Sunday, April 28, 2013

Enable Opera Keyboard Shortcut for Delete Private Data

Despite various forum postings, including a long one from Tamil, an Opera developer with over 110,000 postings, this was surprisingly hard to figure out, which is weird because if you know what you're doing, you could do it in under 1 minute.

Don't try to choose a key combination of your own, because nearly all of them are taken by other shortcuts, or else don't seem to work. Unless you have a lot of time on your hands, or know Opera inside and out, stick with the one given in the examples, ctrl-shift-d, which by default means "bookmark this page." A similar result can be had using ctrl-d, or hitting + in the bookmark bar dropdown. Life is tough, and you may need to sacrifice the default action of ctrl-shift-d.

Go into Opera > Settings > Preferences > Advanced > Shortcuts. Ignore the Mouse Setup, and focus on the bottom half of the panel, for Keyboard Setup. You'll see 1 or maybe 2 config files that can be edited, using the buttons at the right. Do not press the Mouse edit buttons! When you edit this file or files, it will be saved as "(Modified)," while the default config file will remain unchanged. There is no concept of deleting the prior config and replacing it. The system uses the modified file, if there is one, and goes back to the default, which cannot be changed, if there is not.

Select a Keyboard config file, click Edit, and expand the Application section. (Or you can Duplicate the file first, and edit the dupe, which I believe gives the exact same result.) You'll see a list of keyboard shortcuts followed by their actions. Scroll down until you find d ctrl shift. The easiest procedure is to just edit this line, leave the shortcut unchanged, delete the action, and input your desired action, which is Delete Private Data. Once you get it part way typed, it will drop down and you can just select it. Why this shortcut isn't enabled by default is a mystery!

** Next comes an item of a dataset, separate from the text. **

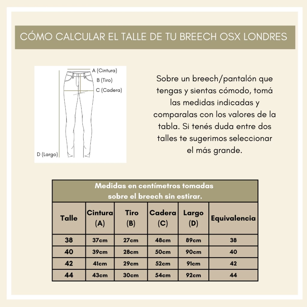 Con la medida de la circunferencia de un pantalón que te quede bien, tomada a la altura del botón, ¡Te ayudamos con el talle!

If it's not there, which I doubt, you can Add a line for it, or you could delete that line and re-Add it, no problem either way. If there are 2 default config files, do it for both. After you save them, they will say (Modified). Make no effort to delete the prior defaults, which isn't allowed anyway. Don't worry about them, as the system uses your Modified ones, if they exist.

Hit Okay, you're out of there, and press your newly redefined keyboard shortcut. Voila' You no longer need to perform a difficult mouse movement to access this frequently used action.